You know who else needs that?  Males aged 18-30.  And more importantly do we need to see females in a feminine environment in a non-stereotypical tea party way, but we need the lessons taught by the show.  Each episode is a morality tale on friendship that while cheesy and obvious, is still a valid life lesson.  Humans tend to keep having to relearn the same lessons throughout life; we tend to forget important shit that never stopped being true.  Since when did listening to your friend’s opinions and learning to not to be racist stop being relevant?  It hasn’t.  And it’s certainly important for young adult males like me who are finishing their adolescence and entering adulthood and who think they have the world figured out.  And it’s ESPECIALLY important for young men and geeks who have spent the last few years dealing with the cruelty of their peers and had their pessimistic world views reinforced by pessimistically dark superheroes.  We need to relearn that there is good and light in this world, and that you can create more of it by treating others this way.  Two of the most common responses bronies give on the internet when someone insults them are posting these pictures:

While it might be hard to actually feel that way towards your bullies (I know that even when I post those responses I’m still angry and a little hurt), Aristotle said the best way to become virtuous is by acting virtuously.  A more positive existence starts with our actions.

3. BOUNS REASON!: The creators actually respect the fans and show it.
While the creators of MLP:FiM were certainly shocked by the brony fanbase, they didn’t dismiss it outright.  Lauren Faust has had open dialogue with 4channers, the show continues to put brony memes like Doctor Whooves and Derpy Hooves into the show, and even mentioned bronies by name in a music video commercial they made.  They even released a full version of said video exclusively for one of the big brony fansites!  I’m not just a geek, but I’m a consumer as well.  I love it when the people who are providing me a service demonstrate that they care about my business.  It means I’m going to keep coming back to them for more.

So seriously, if you haven’t watched it already, watch the first two episodes of My Little Pony: Friendship is Magic.  Then watch the rest.  It’s worth your time.  Here's episodes 1 and 2:

If you end up liking the show, let me know so I can send you the initiation to brony-dom:


  1. You don't have to convince me, I love this show.
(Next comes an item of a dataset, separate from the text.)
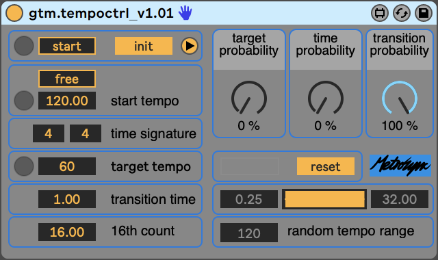 | Description: | I recently discovered that, while it is possible to map the Max for Live LFO device to Ableton Live's global tempo, doing so results in no audile change to the tempo despite the number changing visually. As such, I made gtm.tempoctrl, which affords a variety of ways in which to automate global tempo transitions in Ableton Live. Version 1.01 introduces ability to unlink start tempo from Ableton Live's global tempo, allowing it to be modulated/automated. Enjoy! Demo: https://youtu.be/pszP5CepGQQ |

This and Adventure Time are probably my favorite two American shows right now.

    I do think we are going to see more of good family entertainment. Pixar has proven it doesn't have to be cheesy crap. And I think more then ever people want encouragement, that yeah things will get better if you work hard. Not just everything is shitty all the time of Dark and Gritty. So, I hope they keep making stuff like MLP:FiM and the New Muppets movie.

  2. Jonjon here, and while I don't make a big deal out of it, I am also a brony. (Chris, I don't know if you remember that conversation we had on facebook about the likelihood of my becoming a fan, but boy is my face red.)

    I too can testify on the quality of the show - I am well known for the fact that I am not a fan of Miyazaki films for what I perceive to be their one glaring weakness: a lack of binding plot/conflict/tension. MLP is episodic in nature, but each weekly exploit is a complete story, bound by an interesting theme, with reasonably complex plot twists for a cartoon, outstanding animation quality and expressive characters, and even a worthwhile soundtrack. In short, like Community, it is the complete package - except it's ponies.

    Which is the primary problem I've found people have with MLP - if they aren't already put off by the idea of adults watching cartoons, they're struck by what they know of the franchise from THEIR childhood. The quality of which was, quite frankly, horrendous (apologies to those who did enjoy the show; I too have my own 80's and 90's guilty pleasures). They expect more of the same from this generation of MLP, and with that bias firmly in place, roll their eyes and scoff at those who enjoy such a "horrid" show without even giving it a chance.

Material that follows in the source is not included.